Sabella in fact points out that "It is important at this point in history to see how Palestinian artists relate to the Question of Palestine or their perception of life from a personal perspective rather than a national perspective, something that categorized Palestinian art till the very early 1990s.” With sarcasm, humor and introspection, the artists of Palestine, Creativity In All Its States surprise us with their visions of the Palestinian conflict. Angst, solitude, madness. It isn’t bloody images of combat that give rise to these sentiments, but rather the five photomontages that make up Steve Sabella’s In Exile. How are a million small pictures of dark windows mounted one to the other related to Palestine? The artist's explanation strikes us as a laden one.
The windows are his catharsis: “When I left Jerusalem to go and live in London in 2007, my feelings of dislocation intensified. Lost in my immediate space and looking daily through my living room windows, I started to deconstruct my window view by photographing it from several angles.” The photomontage – his exile: “I only stopped piecing images together when I felt that the new structure I was creating mirrored the impossible reality I live in; being the state of mind of being in exile.” The result – his identity in pieces: “Each artwork appears complete, yet we know in its essence it is made up of pieces (cut images). This is me, my identity at once appears complete, but in essence it is fragmented and somehow I keep it together.”

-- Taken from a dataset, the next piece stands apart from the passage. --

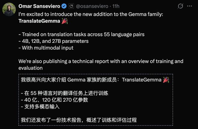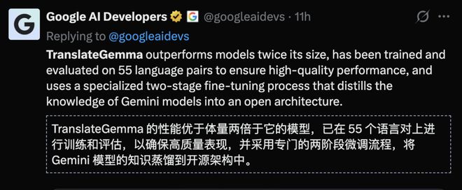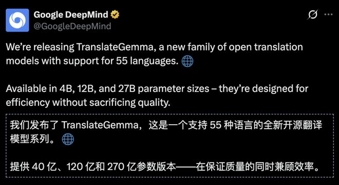 不同于 OpenAI 几乎悄无声息的上线 ChatGPT 翻译,谷歌全网高调宣布发布了支持 55 种语言的开源翻译模型 TranslateGemma。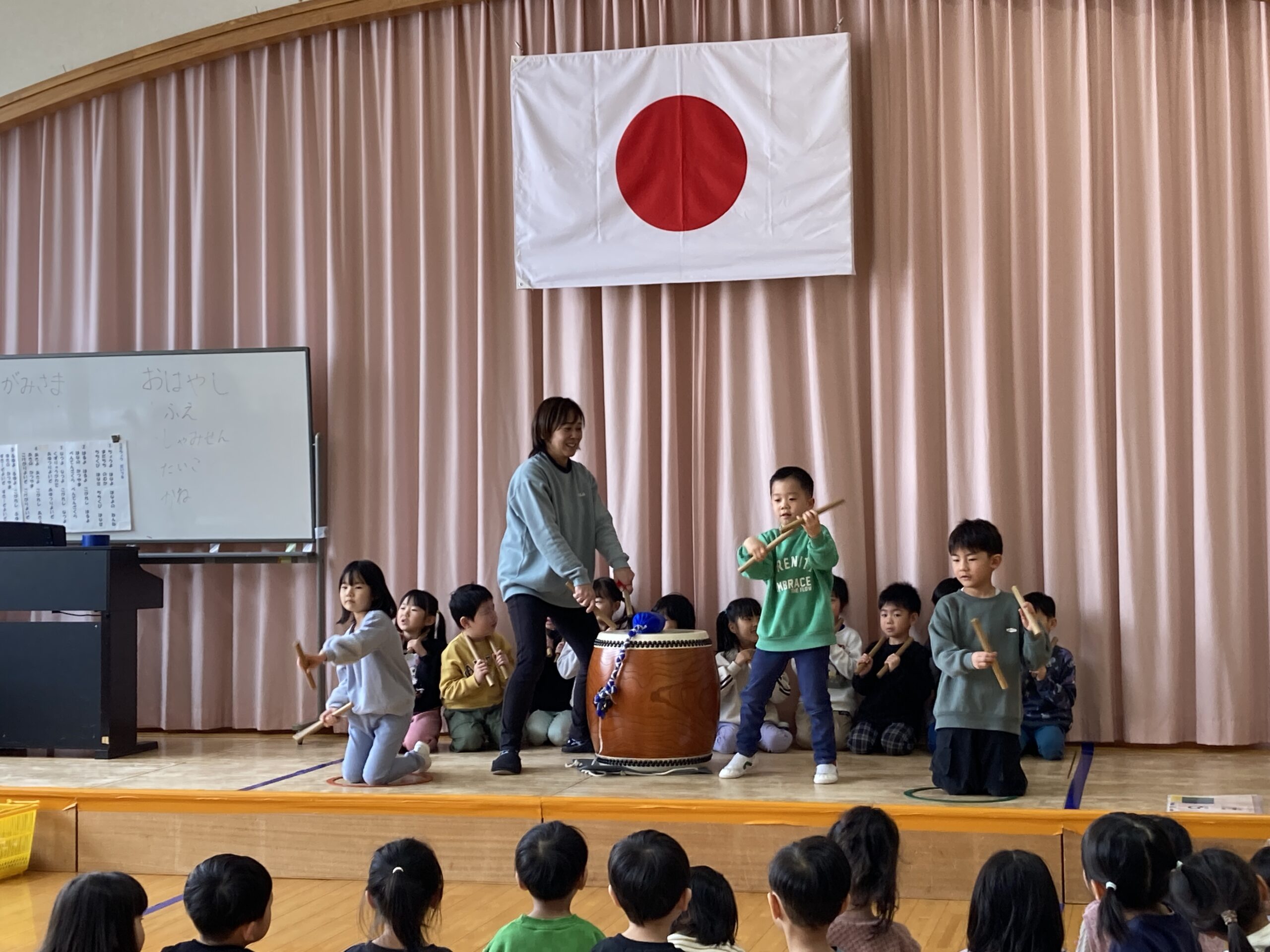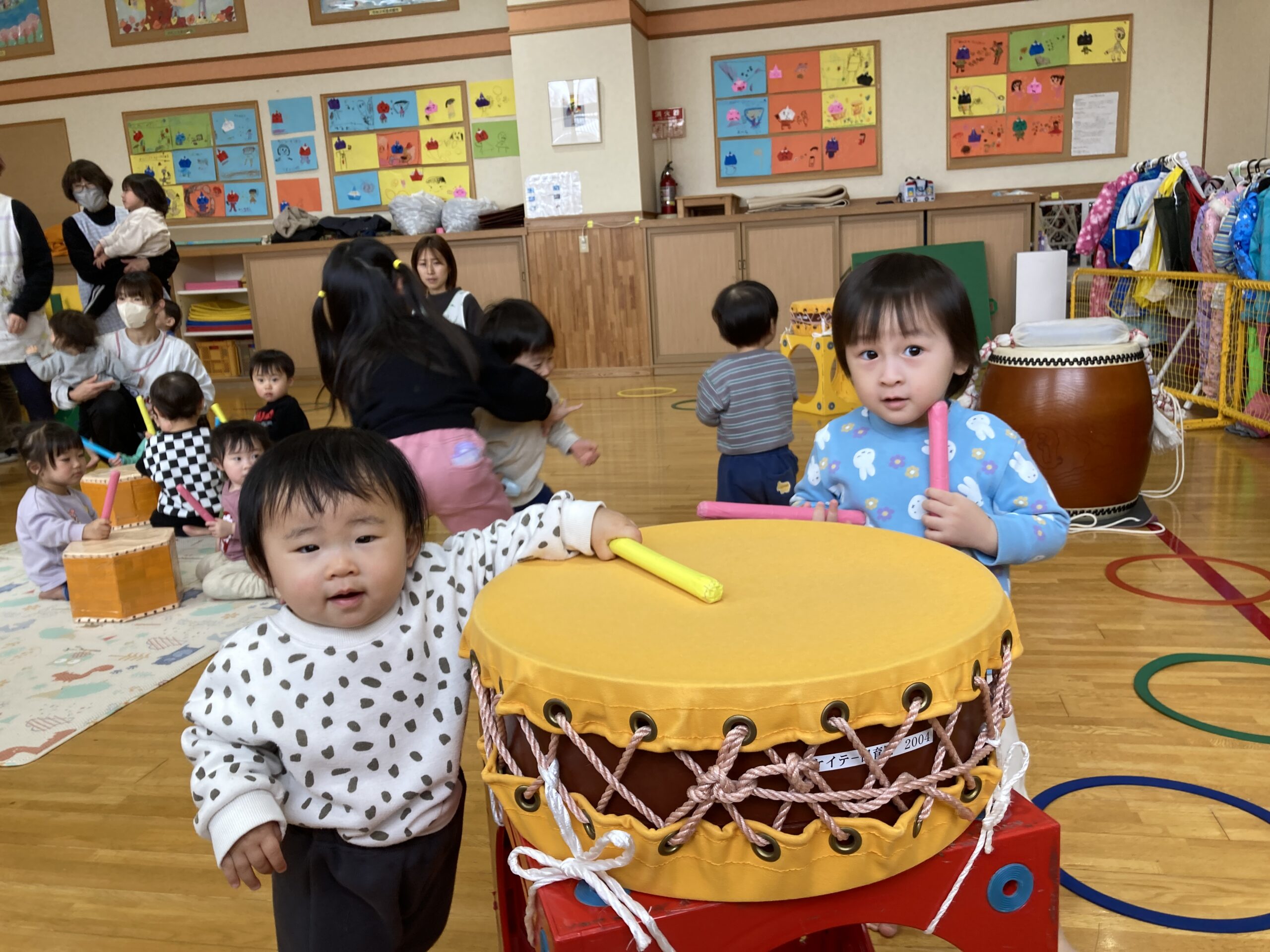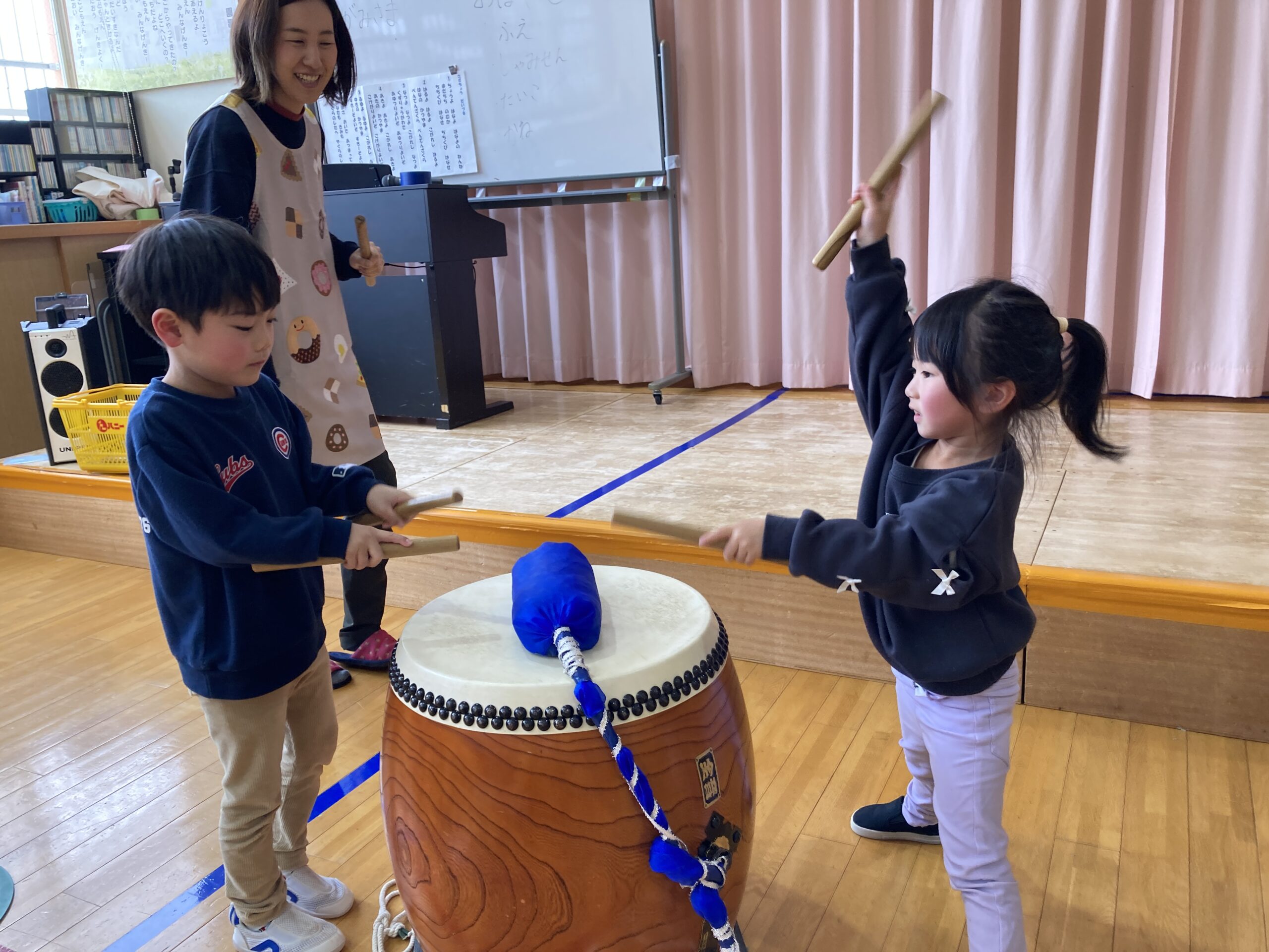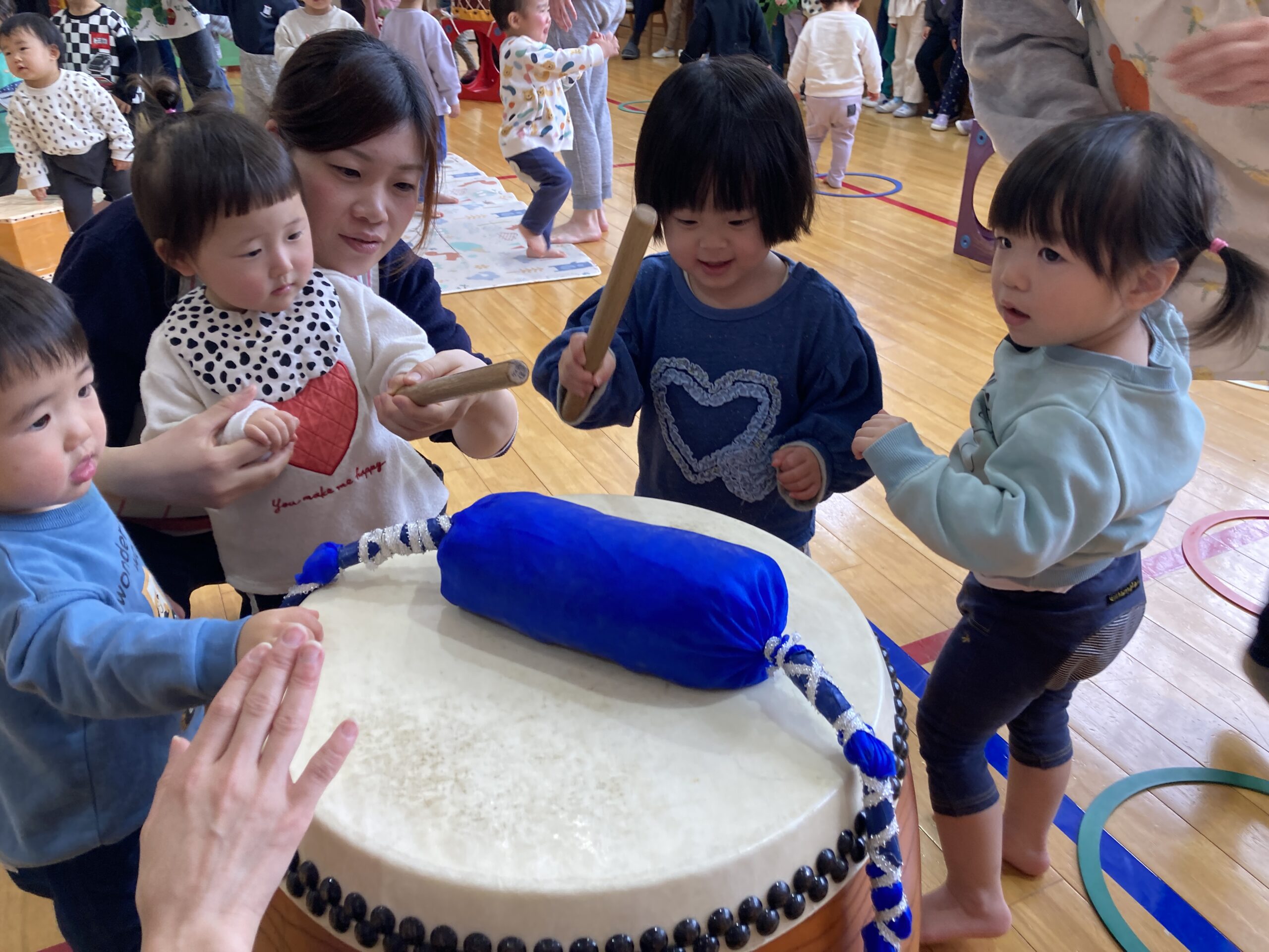 その後は実際に太鼓に触れてみました!ドンドン♪大きな音が聞こえるね。

By closely examining the wanderings of an exiled soul in a large Western city, In Exile rouses feelings with which we might all be familiar, regardless of nationality: “disorienting cityscapes, and a ‘visual vertigo’ that are also symptoms of our fast, hectic and busy world of today.” It’s ironic that in so distancing his presentation of the Palestinian conflict, the artist bluntly inserts us into the heart of his identity crisis. “The work is a journey to my mind or subconscious and I reached a dangerous level of self awareness just to discover that my ambivalent reconstructions are not making the world or my perception of it any simpler.” One can't help but once again be struck by the difficulty of expressing blurred and erased borders -- the borders of country, like those of a soul.